Thread Subject: Triangular facets on a cylinder

Hi all,

I am trying to create a cylinder with a mesh that has
triangular facets (instead of the four vertex default mesh
as seen in the cylinder function). I've been successful in
accomplishing this with a cone and using delaunay
triangulation through the following process:
   [cx cy cz] = make_cone(); % my own function to give
vertices.. or use cylinder with [1 0] as input args
   tri = delaunay(cx,cy);
   trimesh(tri,cx,cy,cz)

This doesn't seem to work with a cylinder (the resulting
triangulation results in a 2-D facetized circle instead of
3D) and I think it's because of the duplicated X and Y
vertex values?

Any idea how to create this on the 3D cylindrical surface?

Thanks,
Travis

"Travis " <traviib.nospam.@yahoo.com> wrote in message news:fgq7bc$j6d$1@fred.mathworks.com...
> Hi all,
>
> I am trying to create a cylinder with a mesh that has
> triangular facets (instead of the four vertex default mesh
> as seen in the cylinder function). I've been successful in
> accomplishing this with a cone and using delaunay
> triangulation through the following process:
> [cx cy cz] = make_cone(); % my own function to give
> vertices.. or use cylinder with [1 0] as input args
> tri = delaunay(cx,cy);
> trimesh(tri,cx,cy,cz)
>
> This doesn't seem to work with a cylinder (the resulting
> triangulation results in a 2-D facetized circle instead of
> 3D) and I think it's because of the duplicated X and Y
> vertex values?
>
> Any idea how to create this on the 3D cylindrical surface?
>
> Thanks,
> Travis

Delaunay is a pretty big gun for something as regular
as a cylinder. Look at what cylinder gives you in the
3 return arg case:

[x y z] = cylinder

You can see pretty clearly that it's giving you a 2xN
array of coordinates. You can give this to the patch
object like this:

p = patch('vertices',[x(:) y(:) z(:)], ...

Then you just need to come up with the right values
for the patch's faces property to connect the correct
vertices. The pattern is pretty simple. It starts out like
this:

  'faces', [1 3 2; 2 3 4; 3 5 4; 4 5 6; ...

You connect 2 vertices from one row to one from the other
row. Then you do the opposite. Then you move over one
and repeat. You can probably take it from there.

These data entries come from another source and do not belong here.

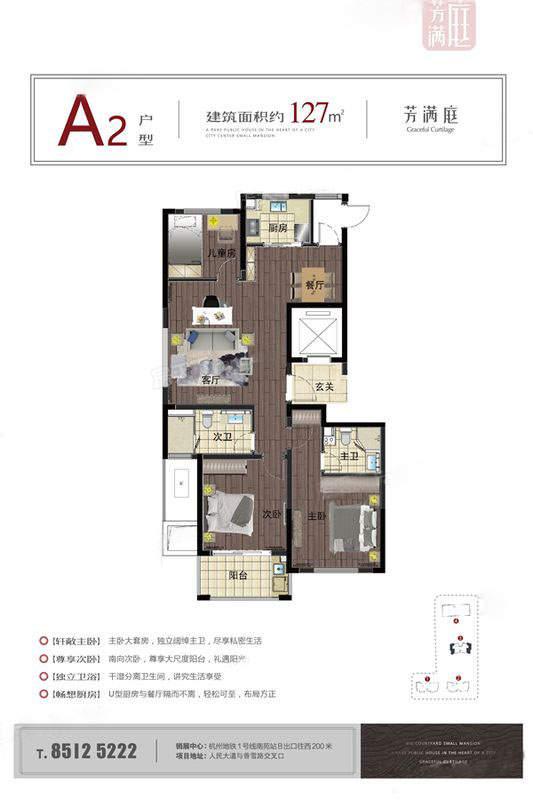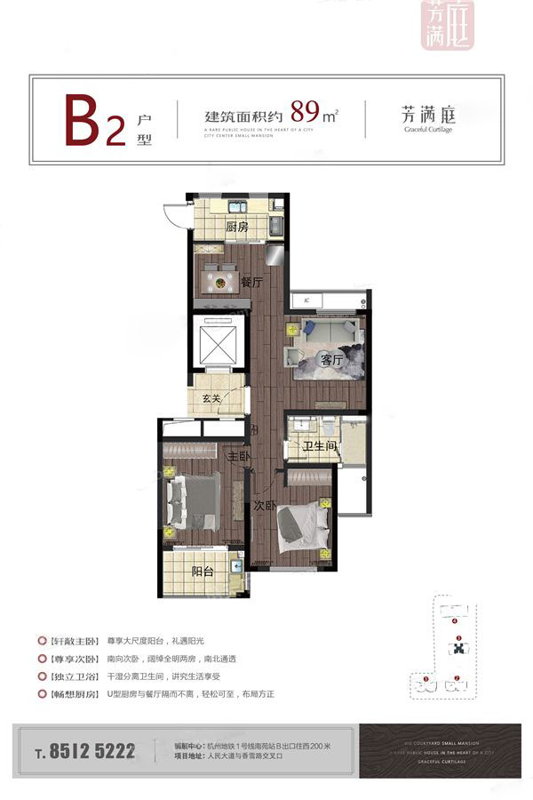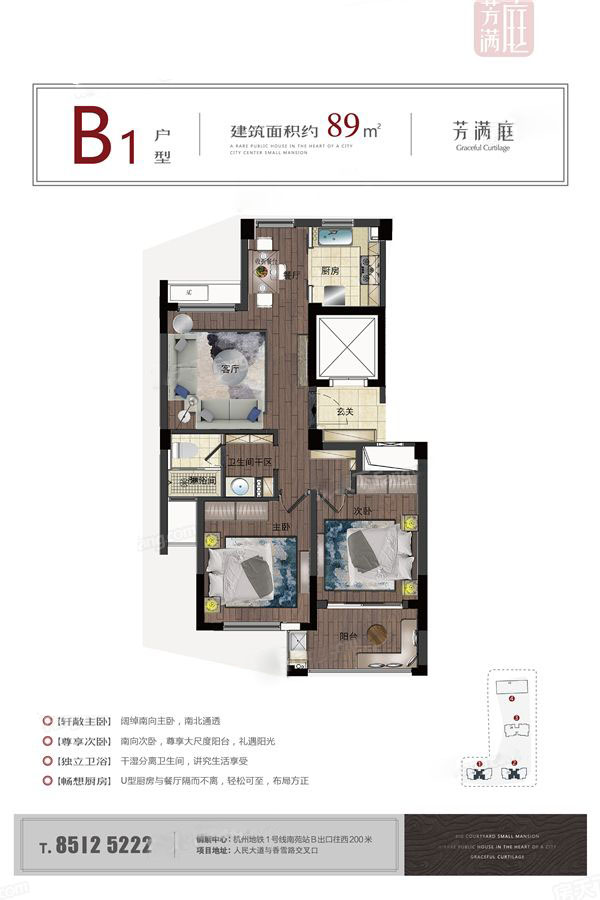 临平芳满庭,位于临平新城核心区,人民大道与香雪路交叉口,紧邻地铁1号线临平站,是当前临平新城最成熟的居住聚集区,也是未来最核心和繁华的区域。周边有水景公园、学校、医院、超市、商场等成熟丰盛配套。 项目由三幢精装成品住宅和1幢公寓组成。住宅房源主力户型建筑面积约为89—127平方米,酒店式公寓主力户型约为23—36平方米。 项目整体精装修交付,配备中央空调、老板电器、科勒卫浴等一线精装品牌。在此基础上,全区配置7项智能系统,可视对讲、指纹门锁、刷卡电梯、一键断电系统等,是板块内配备最多智能系统的小区。
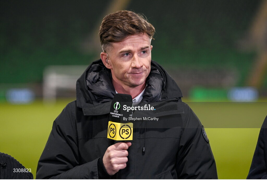11 December 2025; Premier Sports pundit Ronan Finn during the UEFA Conference League 2025/26 league phase match between Shelbourne and Crystal Palace at Tallaght Stadium in Dublin. Photo by Stephen McCarthy/Sportsfile
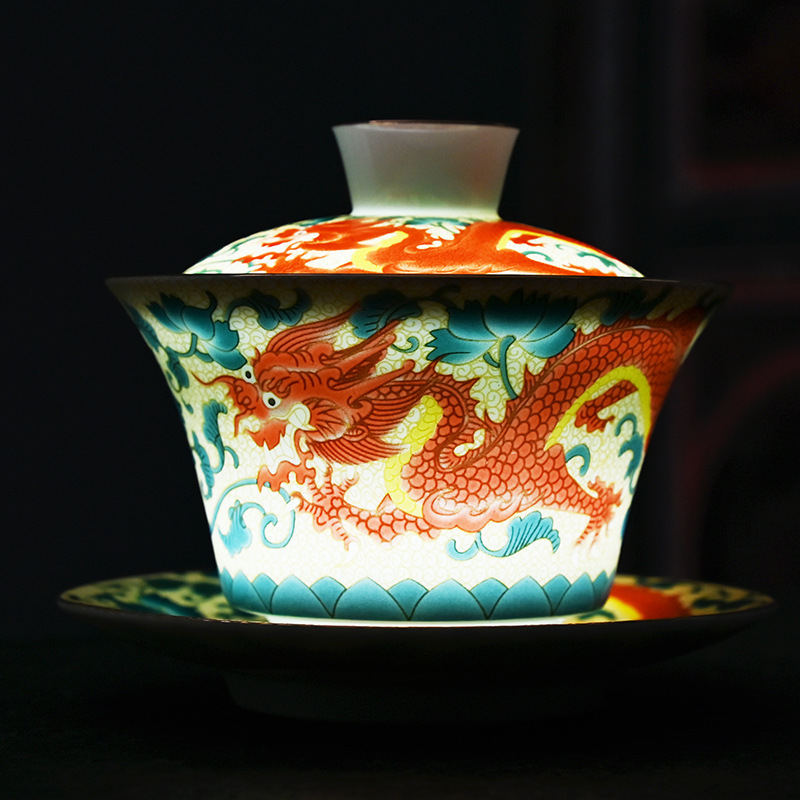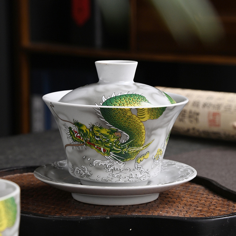 景徳鎮のレトロな陶泥の青龍の三才は碗の工夫の茶器の陶磁器のお茶の碗のメーカーをかぶせて直接販売します。
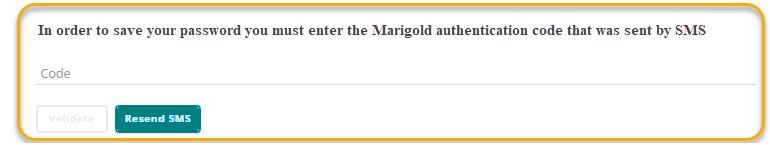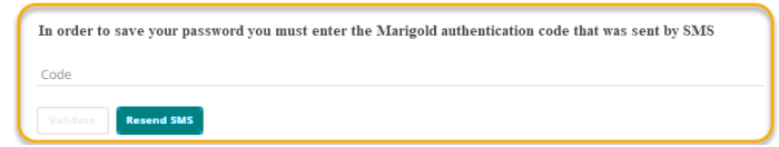 The user needs to enter their authentication code that was sent by SMS and click on the 'Validate' button. When this is successful, the password will be changed and the user is notified about the change.The user can retry to validate a code for a maximum of 3 times.
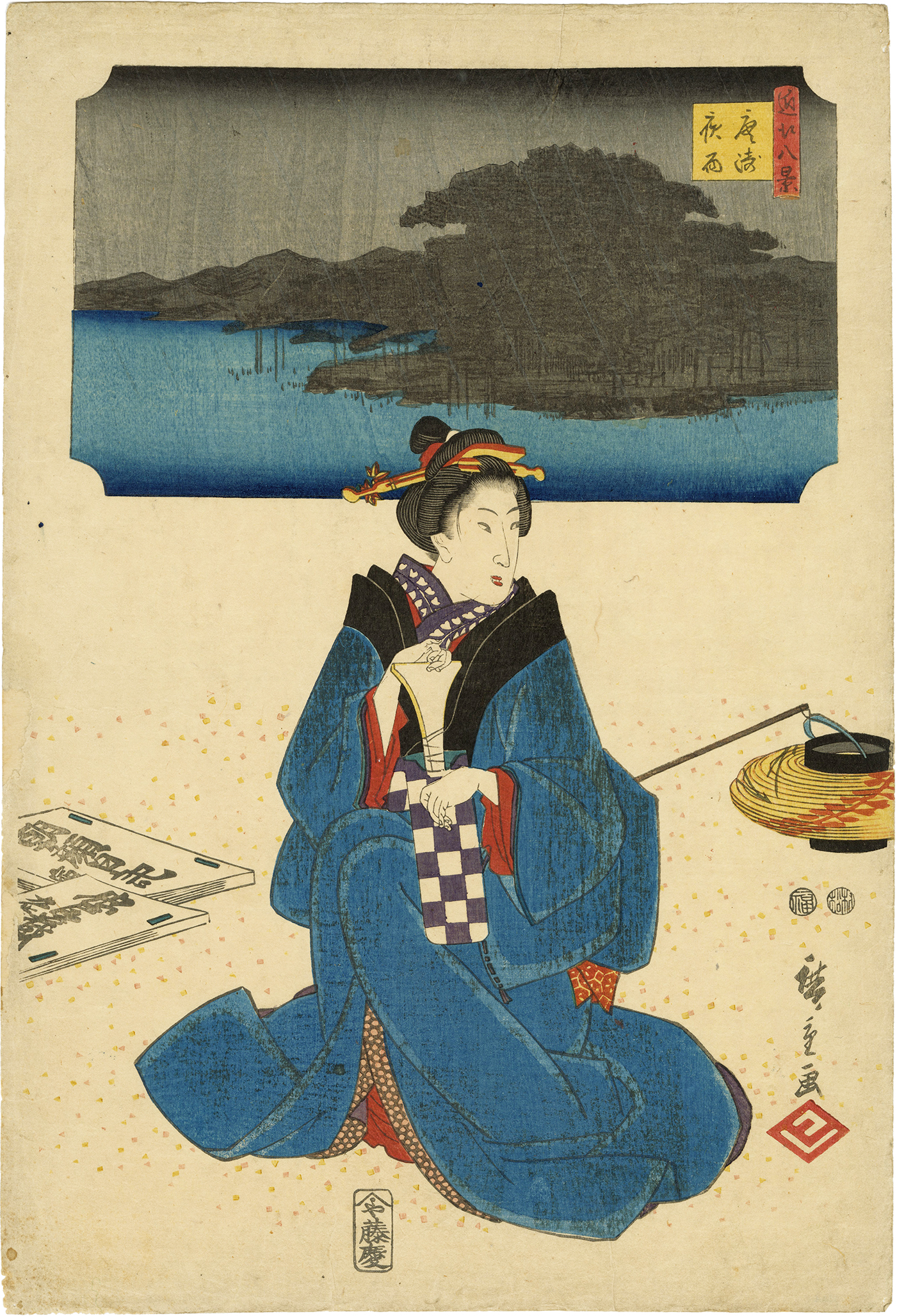 Hiroshige / Night Rain in Karasaki, 8 Views of Omi

The section pf the doc labeled "Multifaceted Patches" will
probably be useful here.

    -MPG-

>
> Delaunay is a pretty big gun for something as regular
> as a cylinder. Look at what cylinder gives you in the
> 3 return arg case:
>
> [x y z] = cylinder
>
> You can see pretty clearly that it's giving you a 2xN
> array of coordinates. You can give this to the patch
> object like this:
>
> p = patch('vertices',[x(:) y(:) z(:)], ...
>
> Then you just need to come up with the right values
> for the patch's faces property to connect the correct
> vertices. The pattern is pretty simple. It starts out like
> this:
>
> 'faces', [1 3 2; 2 3 4; 3 5 4; 4 5 6; ...
>
> You connect 2 vertices from one row to one from the other
> row. Then you do the opposite. Then you move over one
> and repeat. You can probably take it from there.
>
> The section pf the doc labeled "Multifaceted Patches" will
> probably be useful here.
>
> -MPG-
>
>

That's a good idea, I will give that a shot for my cylinder.

My next step is to extend on this and create 3D bodies by
rotating a curve around an axis. These will also need to
have triangular facets. Any suggestions on facetizing more
complex 3D geometries?

"Travis " <traviib.nospam.@yahoo.com> wrote in message
<fgqgck$scp$1@fred.mathworks.com>...
> >
> > Delaunay is a pretty big gun for something as regular
> > as a cylinder. Look at what cylinder gives you in the
> > 3 return arg case:
> >
> > [x y z] = cylinder
> >
> > You can see pretty clearly that it's giving you a 2xN
> > array of coordinates. You can give this to the patch
> > object like this:
> >
> > p = patch('vertices',[x(:) y(:) z(:)], ...
> >
> > Then you just need to come up with the right values
> > for the patch's faces property to connect the correct
> > vertices. The pattern is pretty simple. It starts out like
> > this:
> >
> > 'faces', [1 3 2; 2 3 4; 3 5 4; 4 5 6; ...
> >
> > You connect 2 vertices from one row to one from the other
> > row. Then you do the opposite. Then you move over one
> > and repeat. You can probably take it from there.
> >
> > The section pf the doc labeled "Multifaceted Patches" will
> > probably be useful here.
> >
> > -MPG-
> >
> >
>
> That's a good idea, I will give that a shot for my cylinder.
>
> My next step is to extend on this and create 3D bodies by
> rotating a curve around an axis. These will also need to
> have triangular facets. Any suggestions on facetizing more
> complex 3D geometries?
>
>

I think I found it: surf2patch seems to solve my problem
(with the 'triangles' flag)